* Dataset records:
[Start of Attachment]
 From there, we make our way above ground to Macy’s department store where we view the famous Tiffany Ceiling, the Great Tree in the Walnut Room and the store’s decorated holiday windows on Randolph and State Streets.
[End of Attachment]
[Start of Attachment]
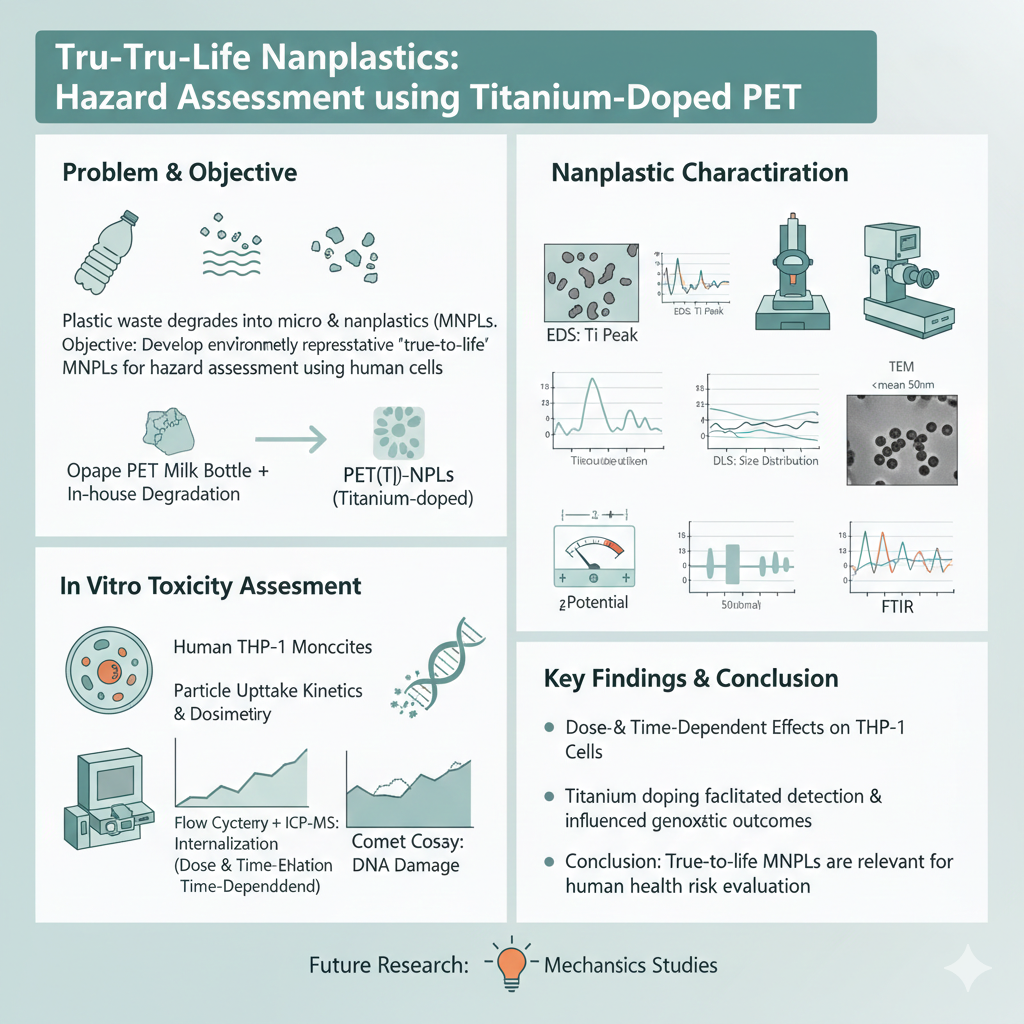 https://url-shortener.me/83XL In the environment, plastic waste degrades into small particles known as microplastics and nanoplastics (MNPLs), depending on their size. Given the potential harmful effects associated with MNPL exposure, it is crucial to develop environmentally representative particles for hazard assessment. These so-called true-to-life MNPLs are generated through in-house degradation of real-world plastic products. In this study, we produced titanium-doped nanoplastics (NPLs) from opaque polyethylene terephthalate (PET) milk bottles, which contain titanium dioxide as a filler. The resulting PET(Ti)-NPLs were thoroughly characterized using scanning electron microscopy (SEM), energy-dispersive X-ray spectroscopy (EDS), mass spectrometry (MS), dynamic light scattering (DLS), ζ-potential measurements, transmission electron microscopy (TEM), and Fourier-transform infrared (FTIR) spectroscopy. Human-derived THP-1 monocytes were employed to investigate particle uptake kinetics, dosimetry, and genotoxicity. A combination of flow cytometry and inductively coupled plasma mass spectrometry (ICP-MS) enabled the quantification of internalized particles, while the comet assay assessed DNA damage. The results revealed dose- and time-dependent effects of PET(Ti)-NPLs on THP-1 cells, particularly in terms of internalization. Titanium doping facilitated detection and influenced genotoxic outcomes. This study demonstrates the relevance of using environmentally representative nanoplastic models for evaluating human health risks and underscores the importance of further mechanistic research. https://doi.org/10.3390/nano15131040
[End of Attachment]
[Start of Attachment]
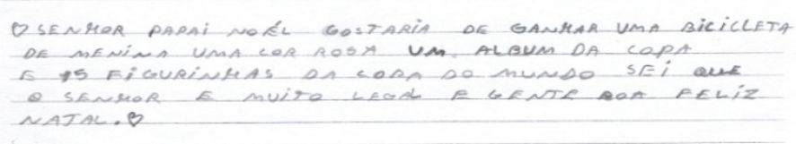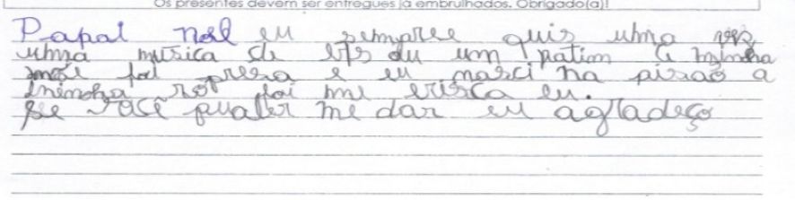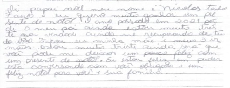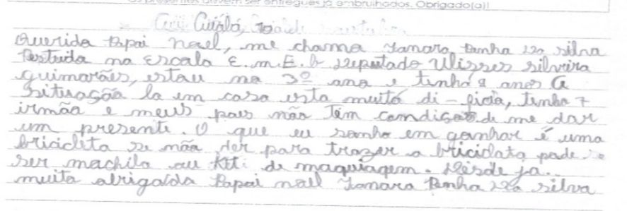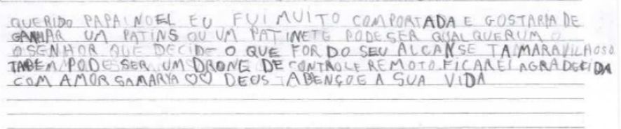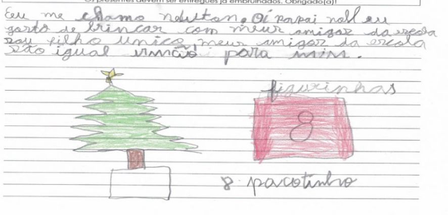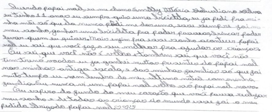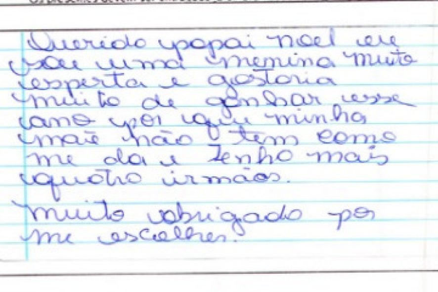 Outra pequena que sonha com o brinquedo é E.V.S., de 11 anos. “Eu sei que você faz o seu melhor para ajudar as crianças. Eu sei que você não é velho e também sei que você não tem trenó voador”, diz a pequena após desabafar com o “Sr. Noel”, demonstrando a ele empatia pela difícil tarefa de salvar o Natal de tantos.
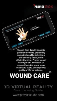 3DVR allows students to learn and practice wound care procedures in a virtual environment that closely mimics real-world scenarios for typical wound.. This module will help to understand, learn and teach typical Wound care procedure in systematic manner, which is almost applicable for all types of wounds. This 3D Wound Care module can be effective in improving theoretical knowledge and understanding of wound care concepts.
[End of Attachment]
* Required action:
Copy word for word the lines of the records above from the one with "Outra pequena que" up to and including the one with "3DVR allows students". Skip the pictures.

* Expected output:
 Outra pequena que sonha com o brinquedo é E.V.S., de 11 anos. “Eu sei que você faz o seu melhor para ajudar as crianças. Eu sei que você não é velho e também sei que você não tem trenó voador”, diz a pequena após desabafar com o “Sr. Noel”, demonstrando a ele empatia pela difícil tarefa de salvar o Natal de tantos.
 3DVR allows students to learn and practice wound care procedures in a virtual environment that closely mimics real-world scenarios for typical wound.. This module will help to understand, learn and teach typical Wound care procedure in systematic manner, which is almost applicable for all types of wounds. This 3D Wound Care module can be effective in improving theoretical knowledge and understanding of wound care concepts.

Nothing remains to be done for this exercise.